==== Extracted material ====

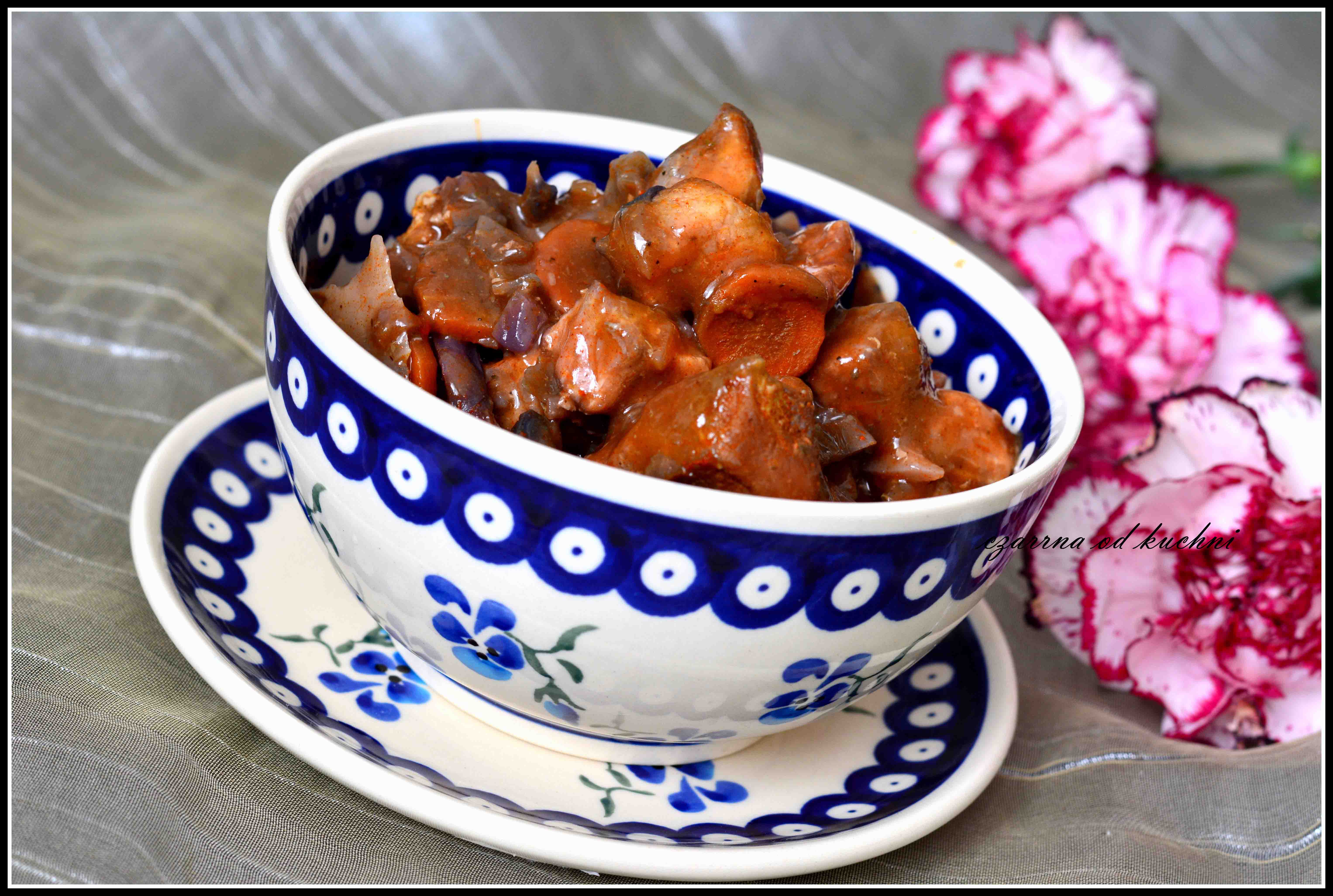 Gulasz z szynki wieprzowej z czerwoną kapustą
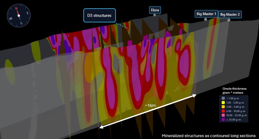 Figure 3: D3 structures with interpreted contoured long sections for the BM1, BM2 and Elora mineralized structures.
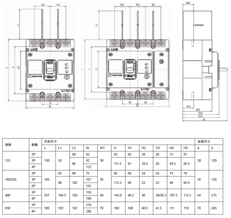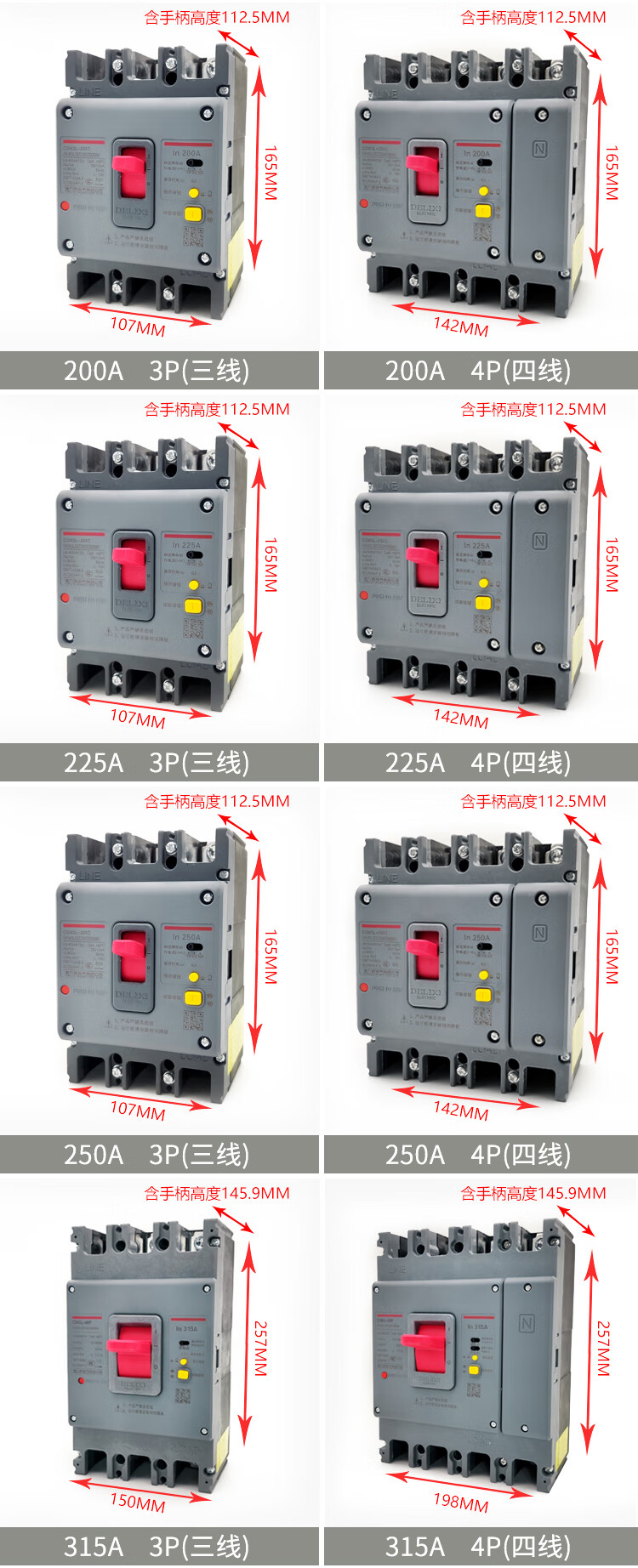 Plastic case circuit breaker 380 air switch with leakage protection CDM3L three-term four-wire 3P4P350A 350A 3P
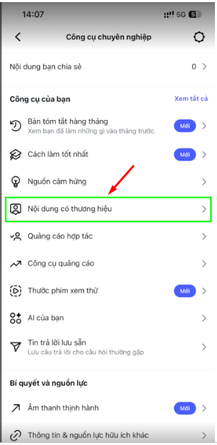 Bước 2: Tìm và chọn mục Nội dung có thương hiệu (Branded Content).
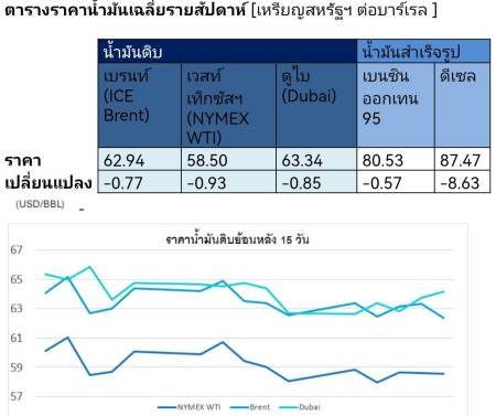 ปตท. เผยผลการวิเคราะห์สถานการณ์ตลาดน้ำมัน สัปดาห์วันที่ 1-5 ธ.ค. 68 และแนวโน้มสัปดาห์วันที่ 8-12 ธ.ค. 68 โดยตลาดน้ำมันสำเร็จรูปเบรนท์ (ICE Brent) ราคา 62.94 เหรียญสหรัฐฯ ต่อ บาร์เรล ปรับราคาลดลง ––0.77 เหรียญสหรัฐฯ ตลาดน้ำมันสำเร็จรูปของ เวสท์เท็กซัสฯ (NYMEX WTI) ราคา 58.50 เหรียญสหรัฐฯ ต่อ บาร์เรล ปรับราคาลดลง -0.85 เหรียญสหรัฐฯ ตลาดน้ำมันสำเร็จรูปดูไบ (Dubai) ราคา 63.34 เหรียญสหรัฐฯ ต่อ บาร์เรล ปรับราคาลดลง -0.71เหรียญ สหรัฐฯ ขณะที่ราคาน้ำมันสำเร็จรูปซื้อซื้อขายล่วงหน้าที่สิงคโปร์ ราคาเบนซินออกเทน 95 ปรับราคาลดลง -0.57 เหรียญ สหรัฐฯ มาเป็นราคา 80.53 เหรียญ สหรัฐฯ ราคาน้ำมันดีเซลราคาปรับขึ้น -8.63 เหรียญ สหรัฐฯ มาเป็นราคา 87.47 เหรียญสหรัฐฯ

====

> [Work request]: The lines above from the line with "Figure 3: D3" through the line with "Bước 2: Tìm" are to be given again word for word, with no pictures among them.

> [Solution for this problem]:
 Figure 3: D3 structures with interpreted contoured long sections for the BM1, BM2 and Elora mineralized structures.
 Plastic case circuit breaker 380 air switch with leakage protection CDM3L three-term four-wire 3P4P350A 350A 3P
 Bước 2: Tìm và chọn mục Nội dung có thương hiệu (Branded Content).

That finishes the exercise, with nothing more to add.